Classification – Impacts of Choosing Different Loss Functions

classificationloss-functionsmachine learningoptimization

We know that some objective functions are easier to optimize and some are hard. And there are many loss functions that we want to use but hard to use, for example 0-1 loss. So we find some proxy loss functions to do the work. For example, we use hinge loss or logistic loss to "approximate" 0-1 loss.

Following plot is coming from Chris Bishop's PRML book. The Hinge Loss is plotted in blue, the Log Loss in red, the Square Loss in green and the 0/1 error in black.

enter image description here

I understand the reason we have such design (for hinge and logistic loss) is we want the objective function to be convex.

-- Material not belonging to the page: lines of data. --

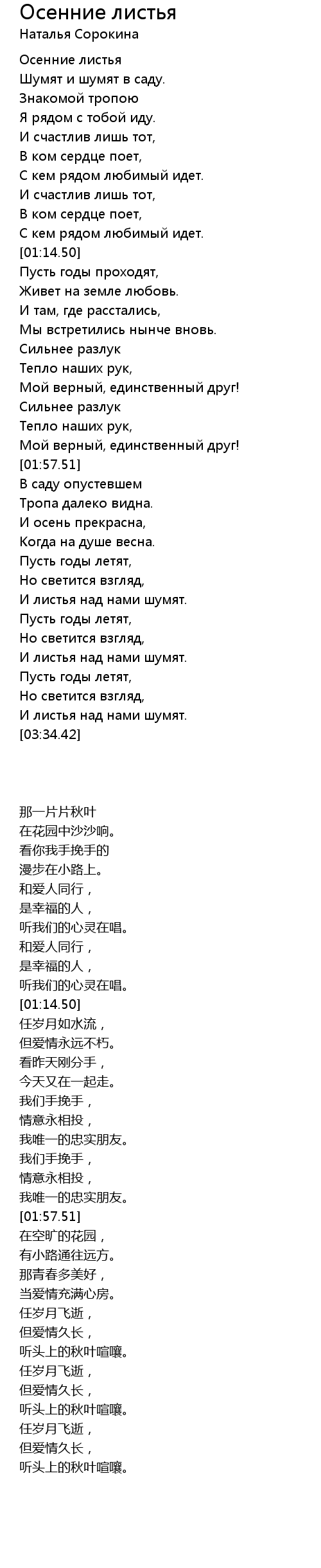 Осенние листья  Lyrics
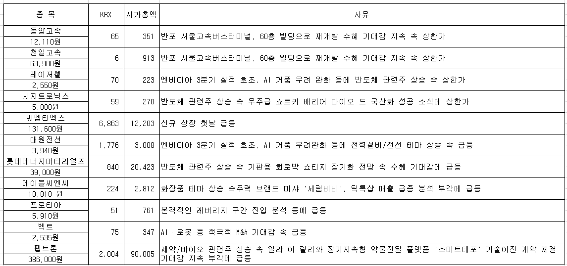 #한성기업 #천일고속 #동양고속 #조이시티 #에스피지 #동원수산
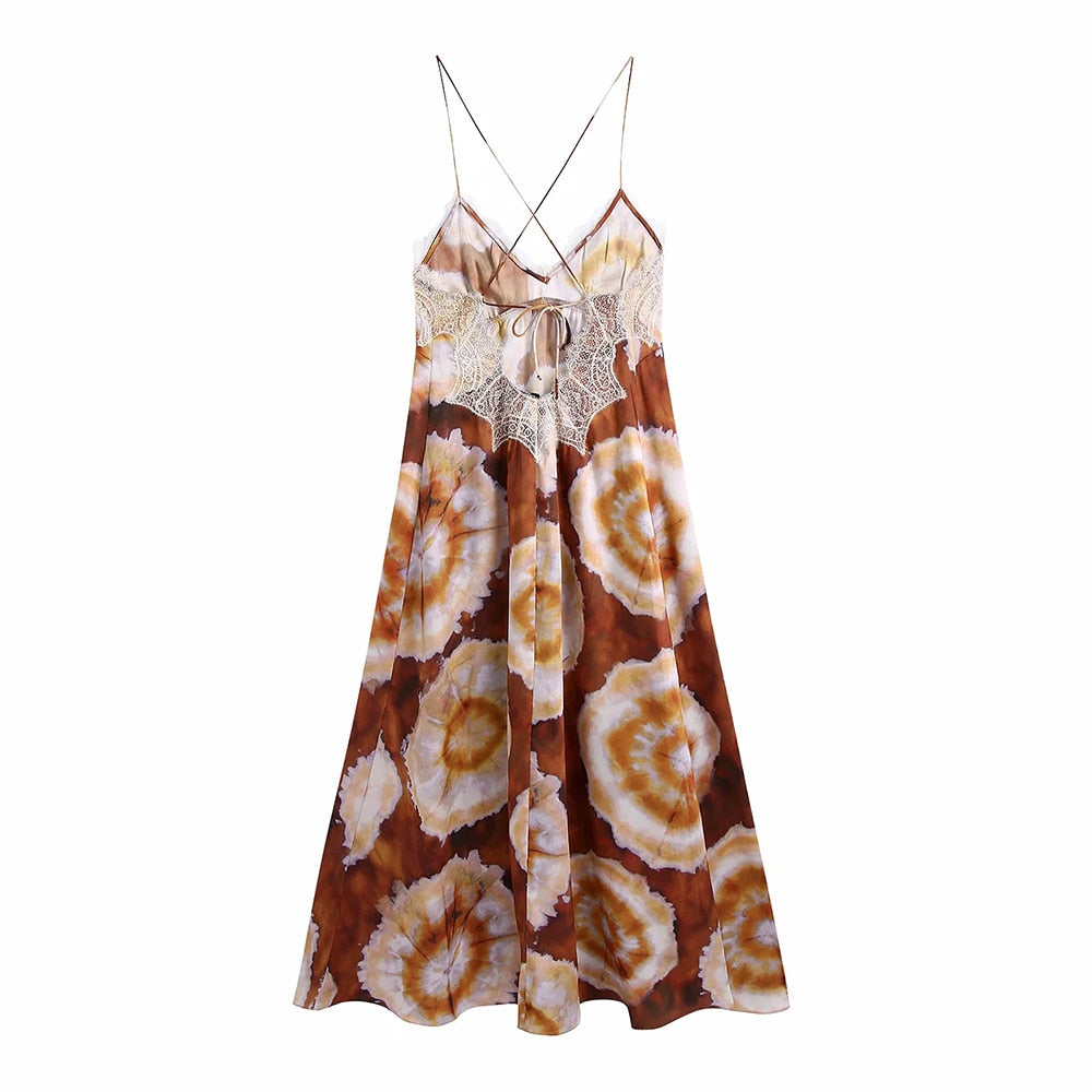 Back to school 2022 Summer Women Vintage Sexy Print Lace Stitching Backless Dress Female Fashion Party Casual Slim Sling Mini Dresses

By looking at hinge loss and logistic loss, it penalize more on strongly misclassified instances, and interestingly, it also penalize correctly classified instances if they are weakly classified. It is a really strange design.

My question is what are the prices we need to pay by using different "proxy loss functions", such as hinge loss and logistic loss?

Best Answer

Some of my thoughts, may not be correct though.

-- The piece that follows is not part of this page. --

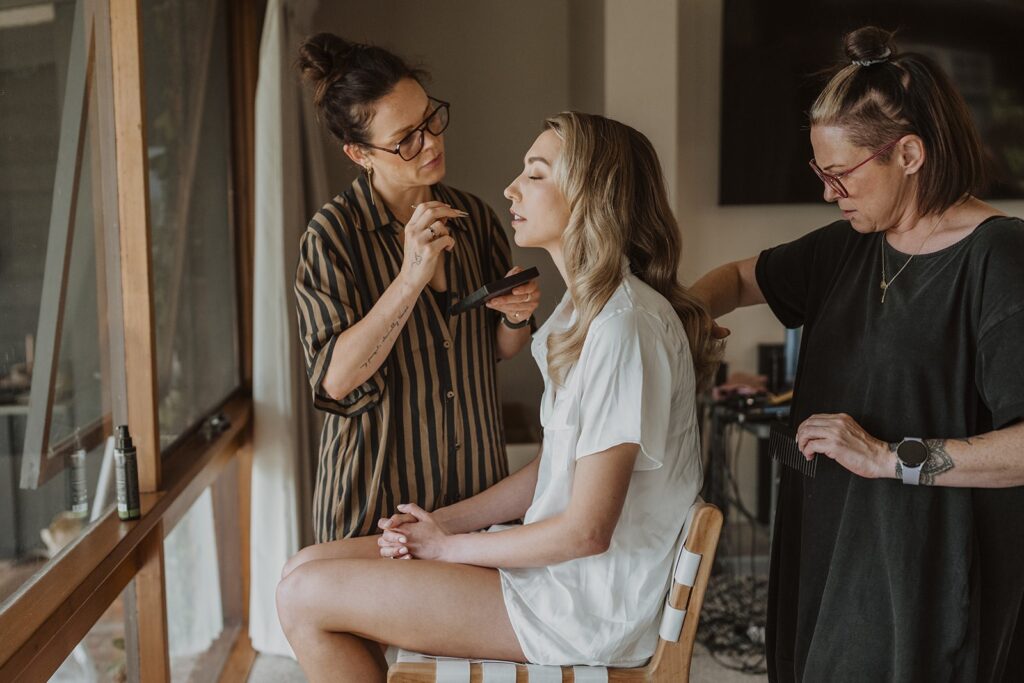 With anywhere between 50-70 weddings a year Ingrid is high in demand for her popular natural style makeup. “I love being apart of my brides memorable day, I love sharing the highs and lows and supporting them through it all, the vibes, the music, the champagne and all the happiness is just so incredible and magical. I believe my style of makeup that enhances the natural beauty of the bridal party. Also my experience in the industry which allows me to calm the room as honestly I have seen and experienced it all!“
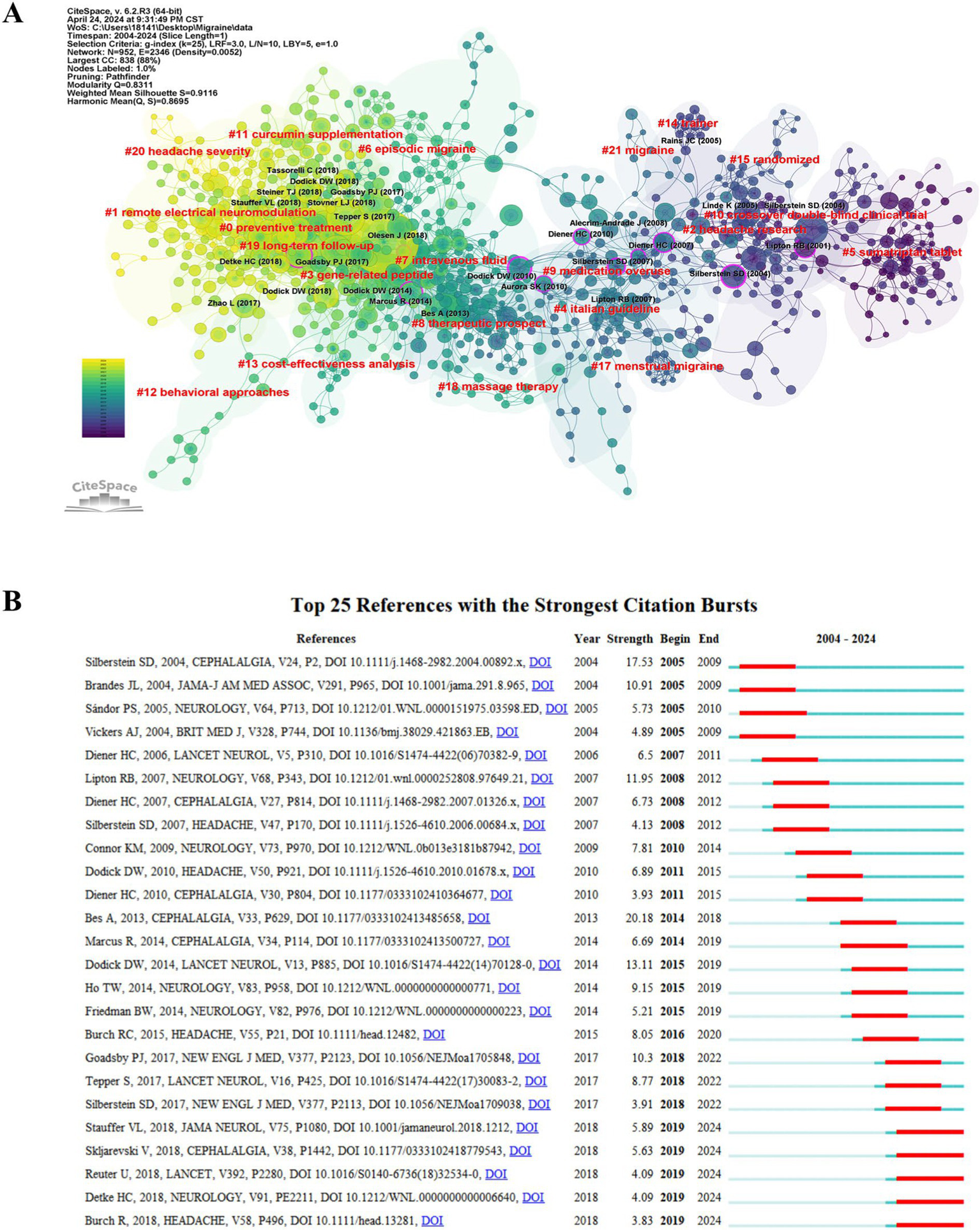 Table 3 presents the top 10 most cited articles related to migraine clinical trials. The article titled “Headache Classification Committee of the International Headache Society (IHS) The International Classification of Headache Disorders, 3rd edition,” published in Cephalalgia in 2018, was the most referenced, with 142 citations. This paper provides a comprehensive classification and identification of migraine, offering a standardized foundation for subject selection in clinical trials (4). Two papers co-cited by another literature were reported to have a co-citation relationship. Co-citation cluster analysis objectively delineates the knowledge structure of a research domain, pinpointing seminal publications, foundational information, and emerging research horizons within the field. To further delineate the clusters of co-cited references, we employed the clustering feature in CiteSpace, utilizing the LLR method to extract nominal terms from the cited works’ titles, generating a network diagram (Figure 5A). The network has a high Q-value (Q = 0.8311) and (S = 0.9116), signifying it is a well-structured and highly credible clustering model. Dodick DW’s article “OnabotulinumatoxinA for treatment of chronic migration: pooled results from the double blind, randomized, placebo-controlled phases of the PREEMPT clinical program,” published in the journal Headache in 2010, demonstrates high centrality (13). It explores the preventive treatment of chronic migraine and suggests the efficacy of onabotulinum toxin A in reducing headache frequency and related disabilities, challenging the previous exclusion of chronic migraine patients from migraine prevention trials due to perceived disability and treatment resistance (14, 15). The network comprises 21 clusters, with the largest cluster (#0 preventive treatment) consisting of 108 members and a silhouette value of 0.862. The initial clusters were #5 sumatriptan tablets, #10 crossover double-blind clinical trials, and #2 headache research. Subsequent research progressed to the #9 medication overuse, #8 therapeutic prospects, and #7 intravenous fluid. In recent years, the connections between clusters have strengthened, particularly in areas such as #3 gene-related peptide, #0 preventive treatment, #1 remote electrical neuromodulation, #11 curcumin supplementation, and #20 headache severity. Figure 5B illustrates the top 25 references with the most significant citation bursts. The earliest four citation bursts began in 2005, whereas the most intense burst (20.18) occurred with BesA’s publication (16) in Cephalalgia in 2013, spanning from 2014 to 2018. The five most recent citation bursts occurred from 2019 to the present, with the highest burst (5.89) associated with Stauffer VL’s article “Evaluation of Galcanezumab for the Prevention of Episodic Migraine” (17), published in JAMA Neurol in 2018.

I understand the reason we have such design (for hinge and logistic loss) is we want the objective function to be convex.

Convexity is surely a nice property, but I think the most important reason is we want the objective function to have non-zero derivatives, so that we can make use of the derivatives to solve it. The objective function can be non-convex, in which case we often just stop at some local optima or saddle points.

and interestingly, it also penalize correctly classified instances if they are weakly classified. It is a really strange design.

I think such design sort of advises the model to not only make the right predictions, but also be confident about the predictions. If we don't want correctly classified instances to get punished, we can for example, move the hinge loss (blue) to the left by 1, so that they no longer get any loss. But I believe this often leads to worse result in practice.

what are the prices we need to pay by using different "proxy loss functions", such as hinge loss and logistic loss?

IMO by choosing different loss functions we are bringing different assumptions to the model. For example, the logistic regression loss (red) assumes a Bernoulli distribution, the MSE loss (green) assumes a Gaussian noise.


Following the least squares vs. logistic regression example in PRML, I added the hinge loss for comparison. enter image description here

As shown in the figure, hinge loss and logistic regression / cross entropy / log-likelihood / softplus have very close results, because their objective functions are close (figure below), while MSE is generally more sensitive to outliers. Hinge loss does not always have a unique solution because it's not strictly convex.

enter image description here

However one important property of hinge loss is, data points far away from the decision boundary contribute nothing to the loss, the solution will be the same with those points removed.

The remaining points are called support vectors in the context of SVM. Whereas SVM uses a regularizer term to ensure the maximum margin property and a unique solution.